John Doe, Sex Offender Registry Board No. 2534 v. Sex Offender Registry Board.
John Doe, Sex Offender Registry Board No. 2534 v. Sex Offender Registry Board.
Opinion
NOTICE: Summary decisions issued by the Appeals Court pursuant to M.A.C. Rule 23.0, as appearing in 97 Mass. App. Ct. 1017 (2020) (formerly known as rule 1:28, as amended by 73 Mass. App. Ct. 1001 [2009]), are primarily directed to the parties and, therefore, may not fully address the facts of the case or the panel's decisional rationale. Moreover, such decisions are not circulated to the entire court and, therefore, represent only the views of the panel that decided the case.
A summary decision pursuant to rule 23.0 or rule 1:28 issued after February 25, 2008, may be cited for its persuasive value but, because of the limitations noted above, not as binding precedent. See Chace v. Curran, 71 Mass. App. Ct. 258, 260 n.4 (2008).
COMMONWEALTH OF MASSACHUSETTS APPEALS COURT 23-P-1122 JOHN DOE, SEX OFFENDER REGISTRY BOARD NO. 2534 vs. SEX OFFENDER REGISTRY BOARD.
MEMORANDUM AND ORDER PURSUANT TO RULE 23.0 The plaintiff, John Doe No. 2534, appeals from a Superior Court judgment affirming his classification by the Sex Offender Registry Board (board) as a level three sex offender and the board's denial of his motion for expert funds.
Background. Between 1985 and 1991, Doe routinely sexually abused his stepdaughter (victim 1). Victim 1 reported that the abuse began when she was six or seven years old. "[T]wice a week or more," Doe would get on top of victim 1 while she was sleeping, rub his penis on her vagina and buttocks over her clothing, and touch her breasts. Victim 1 reported the abuse to police when she was sixteen years old. She stated that Doe was "high on cocaine," which he used every night, when he abused her. In 1996, Doe pleaded guilty to four counts of indecent assault and battery on a child. He received concurrent one-year sentences suspended with two years of probation. In 1999, Doe's probation was revoked based on new child sexual assault offenses and he was incarcerated for one year.

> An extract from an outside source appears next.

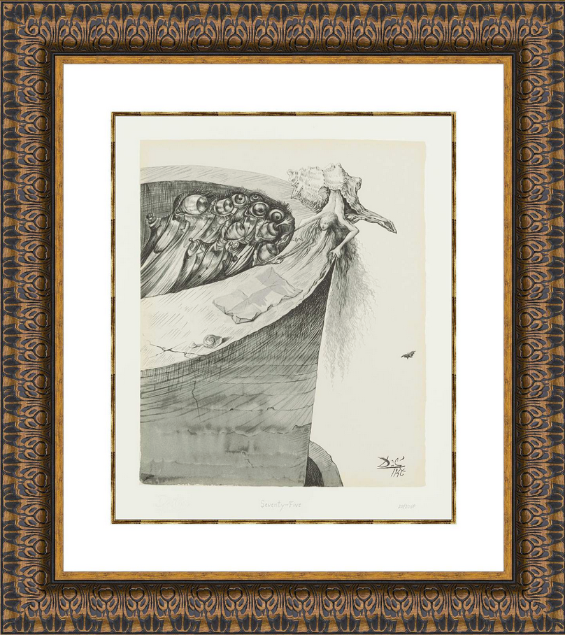 Description of Art: Destino #75 reflects Salvador Dalí’s surreal exploration of fate and transformation within the Destino series, presenting a fluid, dreamlike composition where forms appear to stretch, dissolve, and evolve in a timeless space. Elongated figures and organic shapes interact through symbolic motion, suggesting desire, inevitability, and the subconscious forces that guide human experience. Soft color transitions and delicate line work create a cinematic atmosphere, reinforcing a sense of suspended reality and poetic movement. The work captures Dalí’s fascination with destiny as an ever-shifting process, transforming inner emotion and mythic symbolism into a visual meditation on change and imagination.

In 1999, Doe impregnated his girlfriend's ten year old daughter (victim 2). Doe repeatedly raped victim 2 vaginally beginning when she was seven or eight years old and ending when her pregnancy was discovered. In 2001, Doe pleaded guilty to four of counts of forcible rape of a child. He was sentenced to concurrent twenty-five to twenty-seven year State prison sentences.
In 2020, the board notified Doe of his duty to register, preliminarily classifying him as a level three sex offender.
Doe, who was still incarcerated, requested a hearing to challenge the preliminary classification. In 2022, after a hearing, the hearing examiner finally classified Doe as a level three sex offender.
Discussion. 1. Classification determination. When reviewing a classification decision by the board, we "must determine whether the decision is supported by substantial evidence" (citation omitted). Doe, Sex Offender Registry Bd.
No. 10800 v. Sex Offender Registry Bd., 459 Mass. 603, 632 (2011). "A hearing examiner has discretion . . . to consider
which statutory and regulatory factors are applicable and how much weight to ascribe to each factor." Doe, Sex Offender Registry Bd. No. 68549 v. Sex Offender Registry Bd., 470 Mass. 102, 109-110 (2014) (Doe No. 68549). "'Substantial evidence' is 'such evidence as a reasonable mind might accept as adequate to support a conclusion.'" Id. at 109, quoting G. L. c. 30A, § 1 (6). Classifying an offender as level three requires the hearing examiner to determine by clear and convincing evidence that "'the risk of reoffense is high and the degree of dangerousness posed to the public is such that a substantial public safety interest is served by active dissemination' of the offender's registration information." Doe, Sex Offender Registry Bd. No. 6729 v. Sex Offender Registry Bd., 490 Mass. 759, 768 (2022), quoting G. L. c. 6, § 178K (2) (c).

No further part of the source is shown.